Percayalah, kalau pertanyaan selanjutnya sudah ngomongin soal fakultas, ini jauh lebih PR lagi. Saya bingung untuk menjelaskan tentang fakultas saya yang kelewat akhirat. Hal seperti inilah yang memaksa saya untuk menjawab sederhana dengan, “Jurusan Agama.”
Sulit dimungkiri kalau UNEJ adalah kampus terbesar di Jember. Jadi, banyak yang menganggap kalau orang kuliah di Jember, ya pasti mereka kuliah di UNIJ. Padahal, nih, di Jember masih ada UIN Jember, Politeknik Jember, dan beberapa kampus swasta lainnya yang jelas kampusnya bukan gudang penyimpanan tembakau.

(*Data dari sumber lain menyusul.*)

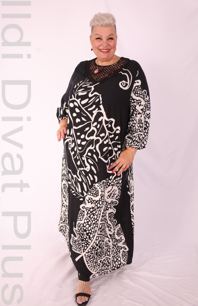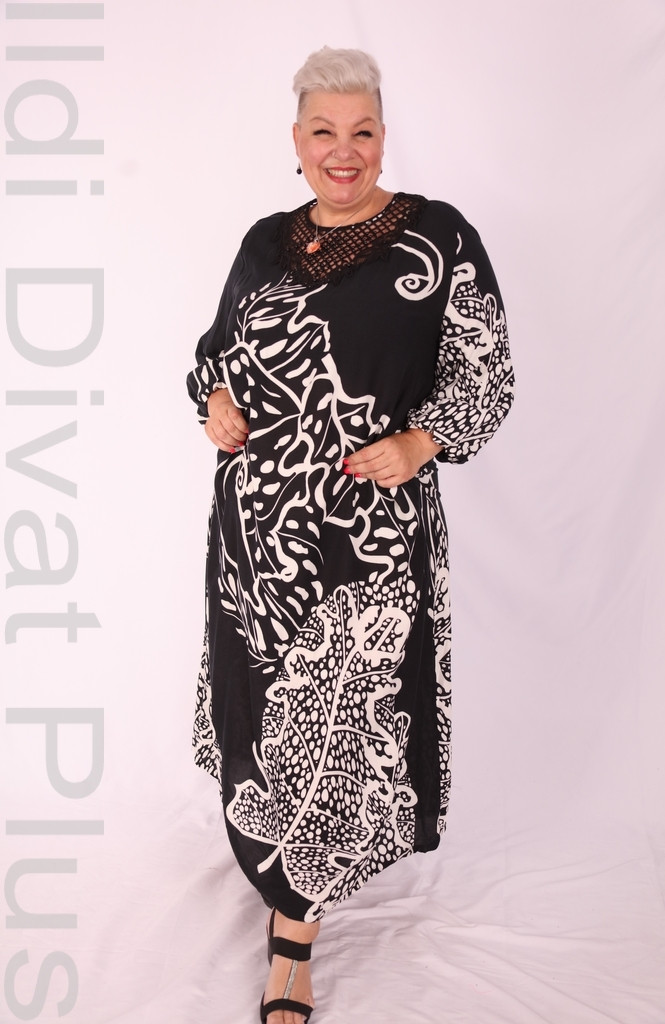 Darkwin fekete alapon fehér mintás nyakán madeirás gyöngyös ruha.
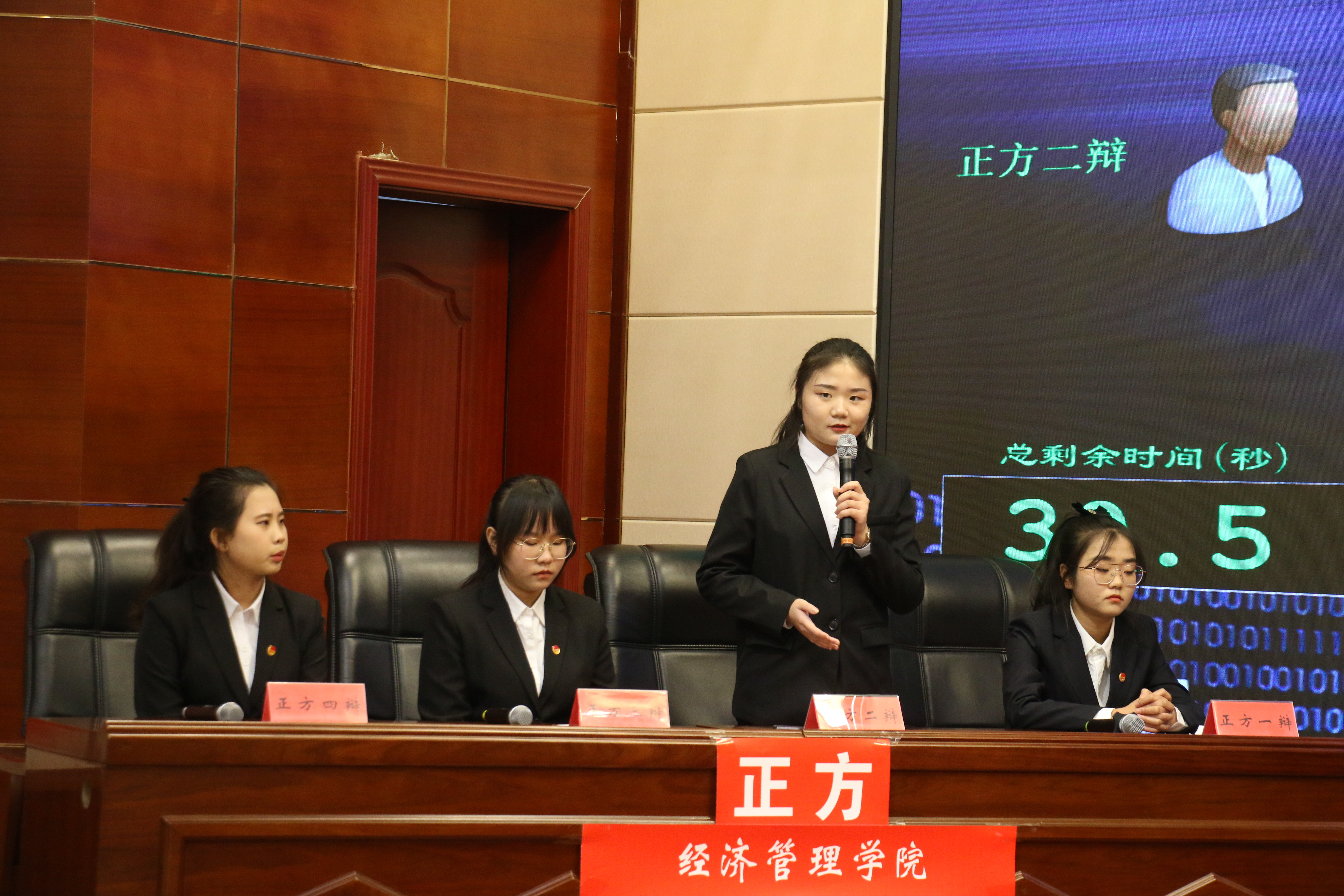 本屆辯論賽圍繞青年成長成才、社會(huì)熱點(diǎn)主題展開,共有來自不同學(xué)院的9支隊(duì)伍參與角逐,自11月啟動(dòng)以來共進(jìn)行了12場(chǎng)比賽。在決賽現(xiàn)場(chǎng),正反雙方針對(duì)青年成才機(jī)遇大于能力還是能力大于機(jī)遇展開思辨,比賽過程中雙方辯手唇槍舌戰(zhàn)、妙語連珠、針鋒相對(duì)、精彩不停,一問一答間透出的是大學(xué)生理性思考的光輝,鏗鏘有力的話語展露的是青年的時(shí)代責(zé)任與使命。

#2 Banyak yang masih menganggapnya STAIN
Beginilah nasib kuliah di kampus yang doyan ganti status. Statusnya berubah, tapi anggapan masyarakat masih sama. Saya nggak tahu kalau soal kualitasnya. Meski kampus ini kini sudah alih status jadi UIN Jember, tapi anggapan masyarakat sekitar masih dengan santainya menyebut STAIN Jember.
Pengalaman ini saya rasakan ketika naik angkutan kota dari Terminal Tawang Alun ke UIN Jember. Ketika saya menyebutkan turun di IAIN, pak sopir langsung pasang wajah bingung. Namun, ketika saya meralatnya dengan bilang, “STAIN”, ia langsung ngeh dan menganggukkan kepala.
#3 Masuk kampus harus lewat pintu utama perumahan
Kampus ini berada di jalan utama masuk perumahan. Ini mengakibatkan gapura masuk ke kampus juga harus berkompromi dengan papan nama perumahan. Bagi saya, ini nggak begitu jadi masalah karena di depan kampus ada papan yang menunjukkan identitas kampus tanpa embel-embel perumahan tersebut.
Namun, ketika ada orang lain yang berkunjung, biasanya merasa kebingungan. Hal ini seperti dirasakan teman saya ketika membaca gapura tertulis “IAIN Jember”, eh di bawahnya ada tulisan “Pesona Surya Milenia”. Ini jalan menuju kampus atau perumahan? Perumahannya punya kampus? Atau kampusnya buka usaha perumahan?
#4 Sering ada kasus maling motor
Meskipun kampus ini sangat berdekatan dengan Polsek, tapi itu tidak menjamin keamanan lingkungan di sekitar kampus. Kasus mahasiswa kehilangan motor ini sudah kayak cicilan, selalu muncul tiap bulan. Mungkin kejahatan seperti ini dianggap biasa. Akan tetapi, kalau terlalu sering terjadi dan seolah nggak ada penanganan berarti, bikin gedeg juga, sih.
Selain itu, sebetulnya masih ada beberapa hal lain yang nggak enak ketika kuliah di sini. Kamu akan merasakan kuliah di padang pasir yang tandus dan sulit air ketika musim kemarau. Jadi, kalau ada mahasiswa yang nggak mandi waktu kuliah di UIN, itu bukan karena gaya-gayaan atau nunjukkin kalau dia aktivis dan mahasiswa seni. Namun, memang kahanan yang bikin seperti itu.
Betul, kuliah di mana saja pasti ada bagian nggak enaknya. Kita pun perlu tahu bagian nggak enaknya ini, biar kita lebih siap dan proses belajar kita jadi lebih barokah karena nggak banyak nggerundelnya.